Domain 4: Prompt Engineering | Claude Certified Architect Exam Guide

Task 4.1

Design Prompts with Explicit, Actionable Criteria

One of the most common mistakes in production prompt design is relying on vague qualitative instructions instead of specifying concrete, categorical criteria the model can evaluate deterministically. The difference between a useful code review agent and a noisy one often comes down to how the review standards are articulated in the prompt.

Concrete Categories Beat Vague Adjectives

Consider the difference between telling the model to "check that comments are accurate" versus instructing it to "flag any comment whose description contradicts the observable behavior of the surrounding code." The first phrasing gives the model latitude to interpret "accurate" however it wants, leading to inconsistent results. The second defines a precise condition the model can check mechanically.

Similarly, instructions like "be conservative" or "only report findings you're highly confident about" do not measurably improve precision. The model has no reliable internal confidence calibration, so these qualifiers add no filtering value. What actually reduces false positives is defining explicit categories of issues to look for — and equally important, specifying what to ignore.
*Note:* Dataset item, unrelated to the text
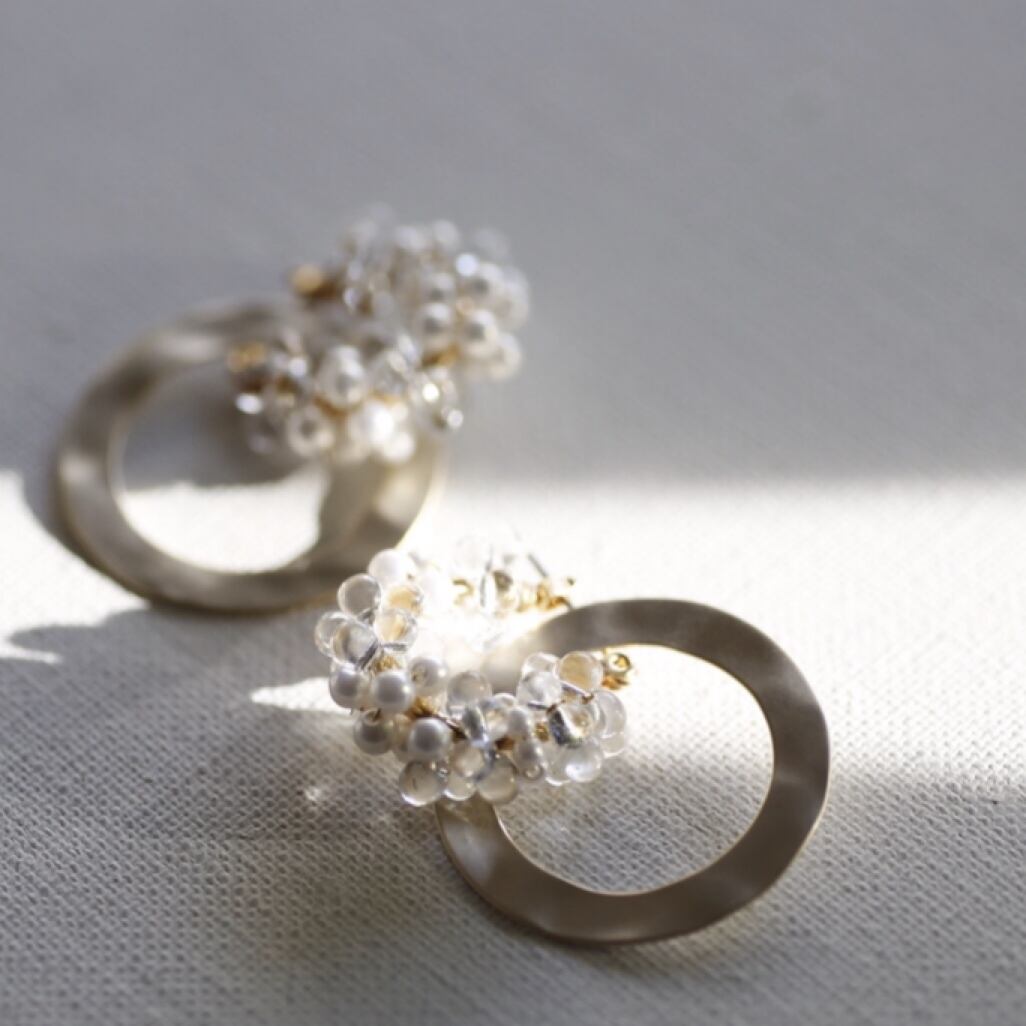 クリア&パールでまとめたフープピアスに、ゴールドの大振りリングを合わせたピアス。
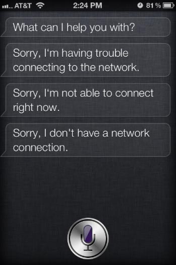 Siri不只是一個(gè)簡(jiǎn)單的語(yǔ)音控制軟件。為了能夠正常運(yùn)行,它必須連接到蘋(píng)果公司的服務(wù)器去獲取其他信息。例如,當(dāng)用戶詢問(wèn)Siri田納西州納什維爾市的天氣情況時(shí),它必須與擁有此類(lèi)信息的主數(shù)據(jù)庫(kù)進(jìn)行通信,然后再將結(jié)果反饋給用戶。

False Positives Undermine Accurate Categories Too

Even when some categories in your review prompt are well-defined, a high false positive rate in other categories erodes user trust across the board. If developers learn to ignore the tool's output because half the warnings are noise, they'll also miss the legitimate findings. The prompt must be tuned holistically — every category needs to earn its place by maintaining a high signal-to-noise ratio.

Key Concept

Specific, categorical review criteria consistently outperform confidence-based filtering. Define exactly what constitutes a finding — don't ask the model to self-assess how sure it is.

Exam Trap

Watch for answer choices that include phrases like "be thorough", "find all issues", or "only report high-confidence findings". These sound reasonable but are ineffective in practice. The correct answer will specify concrete, enumerated criteria.

Task 4.2

Apply Few-Shot Prompting for Consistency

Few-shot examples are the single most effective technique for getting consistent, predictable output from Claude in production systems. When the task involves ambiguity — edge cases in classification, nuanced formatting requirements, or domain-specific reasoning — a small set of well-chosen examples communicates expectations far more reliably than lengthy written instructions.

How Many Examples and What Should They Show?
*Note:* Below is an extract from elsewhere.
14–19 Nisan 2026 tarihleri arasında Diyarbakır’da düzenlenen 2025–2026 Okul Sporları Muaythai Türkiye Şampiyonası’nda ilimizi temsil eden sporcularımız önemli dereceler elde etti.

Two to four targeted examples generally hit the sweet spot. Each example should demonstrate not just the desired output format but also the reasoning process that leads to that output. For a code review agent, this might mean showing an example where a suspicious pattern is flagged along with an explanation of why it constitutes a real issue — and a counterexample where a similar-looking pattern is correctly classified as benign.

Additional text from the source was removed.